Now, 0.029% of same-race matchups are affected, but the UPM coefficient is 0.882%.

Finally, suppose all the bias (3%) is in the B/B case:

Pitcher ------ White Hspnc Black
White Umpire-- 32.00 33.00 34.00
Hspnc Umpire-- 35.00 36.00 37.00
Black Umpire-- 38.00 39.00 43.00

Now, in reality, only 0.007% of pitches are affected (about 1 in 14,000). But the UPM coefficient is 0.23% (1 in 427).

My conclusion, again, is that if real-life doesn't match the model's assumption that all umpires are biased equally, then the estimated coefficients are so unreliable as to be meaningless.


Now, I said the UPM coefficient is meaningless. But I am NOT arguing that the significance level is meaningless. In fact, I agree with the study's authors that the significance tests are valid.

Why? Because the significance test is checking for no bias by anyone. And if there's no bias by anyone, then real-life DOES fit the model: all races are biased equally. Equally at zero, but equally nonetheless.
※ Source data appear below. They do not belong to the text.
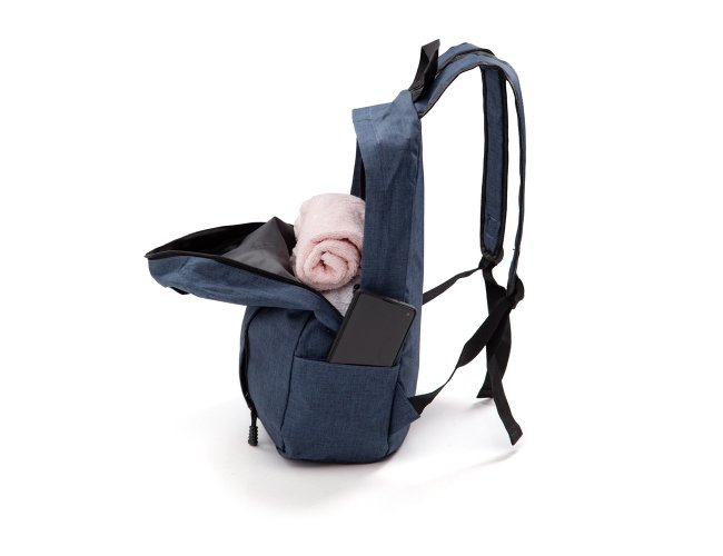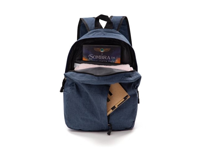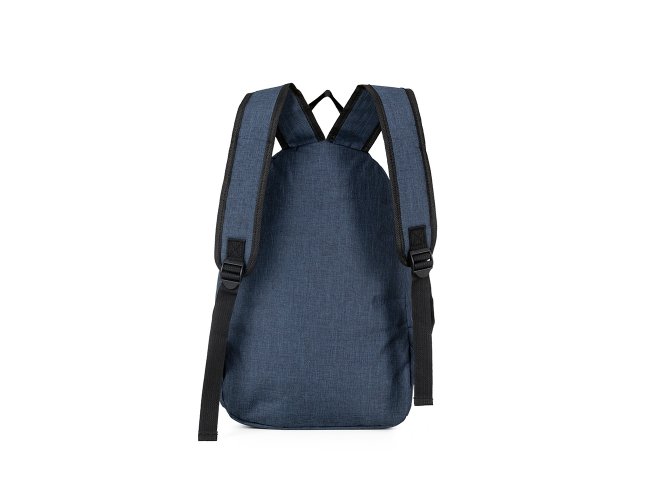 Mochila em poliéster com compartimento para notebook até 14 polegadas. Contém um compartimento grande, compartimento frontal e bolsos laterais. Alça de mão em nylon e alças para as costas ajustáveis.
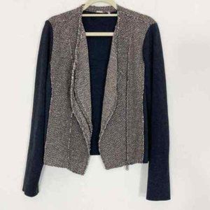 Elie Tahari Women's Gabby Wool-Blend Moto Jacker Blazer Asymmetrical Zip Tweed Raw Edge Size XL
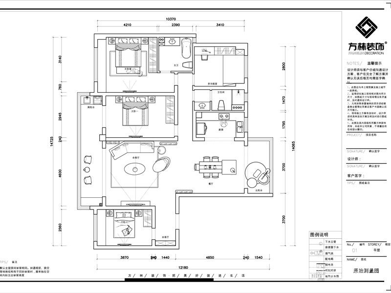 结合客户的大概需求,把不规则的迷宫户型改善一下,经初步沟通,需要四房,三卫只保留两卫,厨房需要扩大,双阳台只有一个做生活阳台,还有一个做休闲阳台,增加客餐厅的通透感。客餐厅做中央空调和无主灯设计,卧室均做常规设计即可。
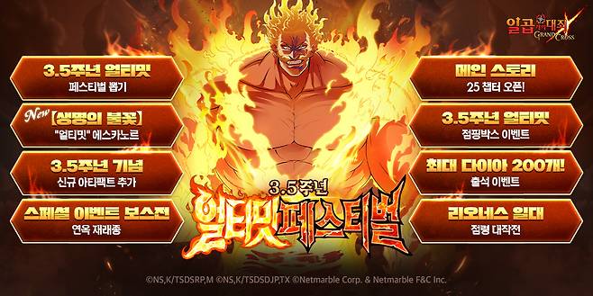 넷마블은 모바일 RPG '일곱 개의 대죄: 그랜드 크로스'에서 서비스 3.5주년 기념 '얼티밋 페스티벌'을 실시한다.
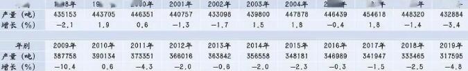 表1:1998~2019年日本印刷油墨產(chǎn)量
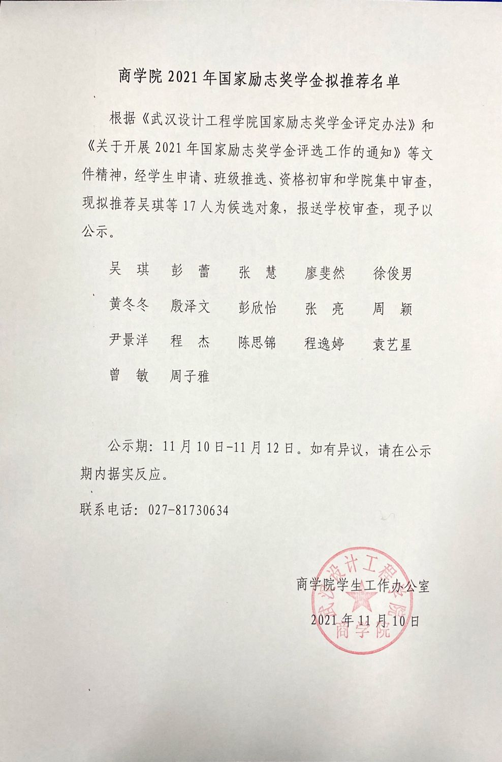 商公司2021年国家励志奖学金拟推荐名单
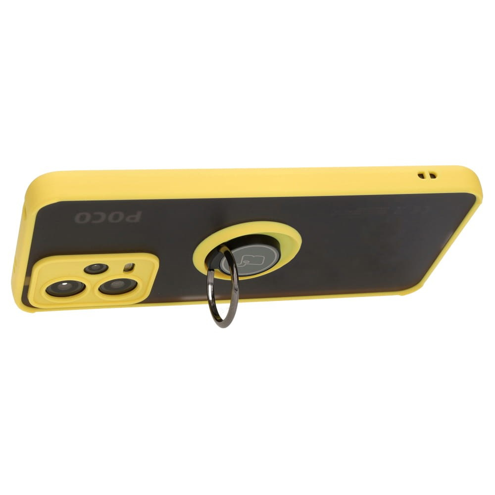 Etui z uchwytem na palec Bizon Case Hybrid Ring do Xiaomi Poco X5 / Redmi Note 12 5G, przydymione z żółtą ramką

That is: if there is no bias, then the regression should fit the model, and the significance level will be low. But if the UPM coefficient is significantly different from zero, we know we have bias. The actual equation probably doesn't match real life very well, but we still have evidence that there's *some kind of bias*. Just not necessarily the kind the regression thinks it found.

To put it more formally:

-- if there is no racial bias, then racial bias is the same across all races (at zero).
-- if racial bias is the same across all races, then the UPM coefficient is the best estimate of that bias.
-- so if there is zero racial bias, the UPM coefficient should come out near zero.
-- if we do NOT get a UPM coefficient close to zero, then there must be a non-zero bias – although then the UPM coefficient is not necessarily a good estimate of that bias.

Hope that makes sense. In summary, it seems to me that we can trust the significance level of the UPM estimate, but not the number itself.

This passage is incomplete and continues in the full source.